— WHAT IS BEING ASKED —
Give back the lines below exactly, but do not include any pictures.

— RAW DATA —
# # # # # # #
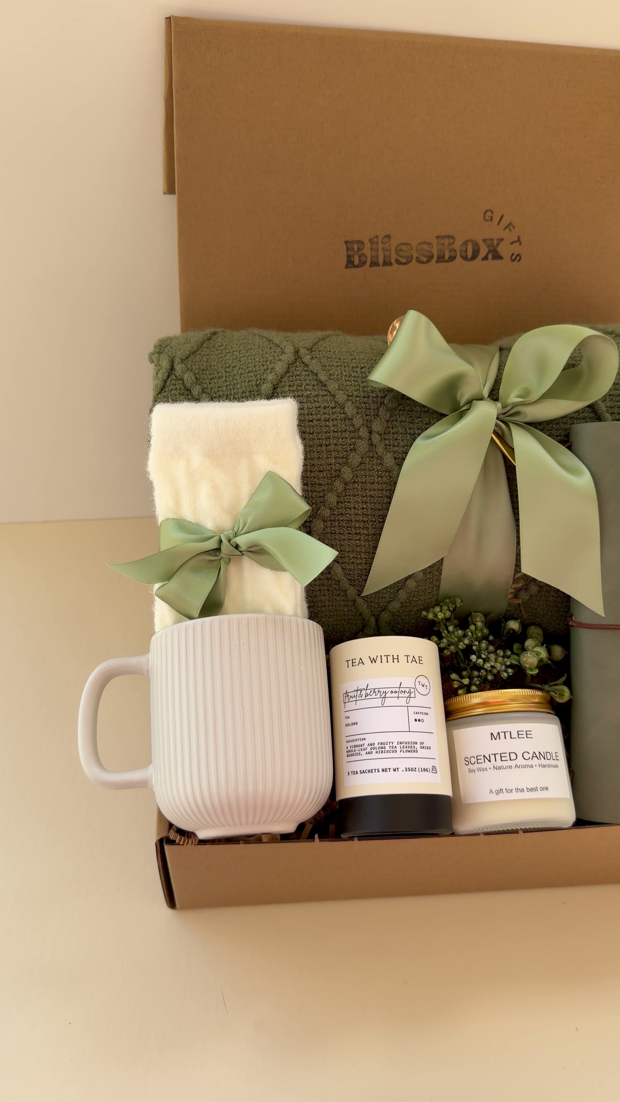 Olive Nest Box - Premium Spa Gift Box with Cozy Blanket, Tea & Gourmet Treats
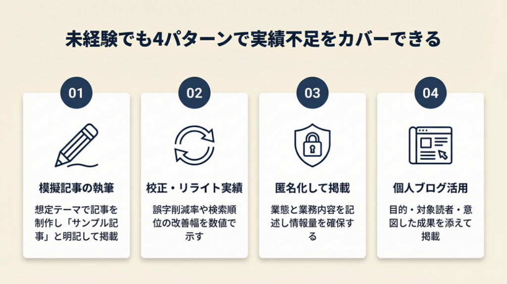 実績は「案件をこなした証明」だけに限る必要はありません。発注者が確認したいのは「この人はアウトプットを出せるか」であり、方法は複数あります。
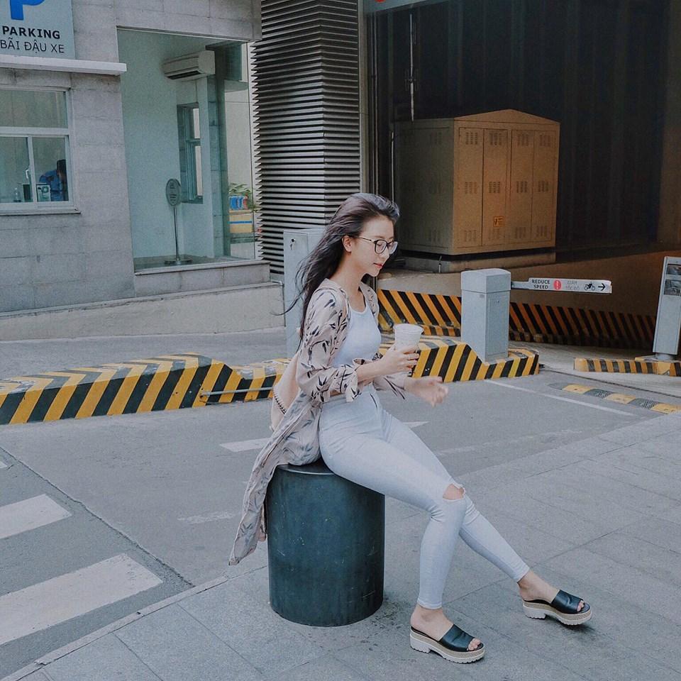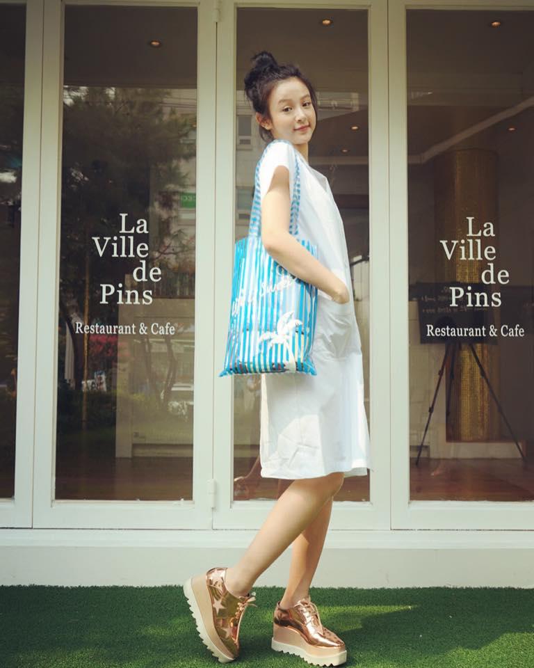 Ở một hình ảnh khác cô nàng lại gây ấn tượng khi xuống phố với cây trắng
# # # # # # #
— ANSWER —
 Olive Nest Box - Premium Spa Gift Box with Cozy Blanket, Tea & Gourmet Treats
 実績は「案件をこなした証明」だけに限る必要はありません。発注者が確認したいのは「この人はアウトプットを出せるか」であり、方法は複数あります。
 Ở một hình ảnh khác cô nàng lại gây ấn tượng khi xuống phố với cây trắng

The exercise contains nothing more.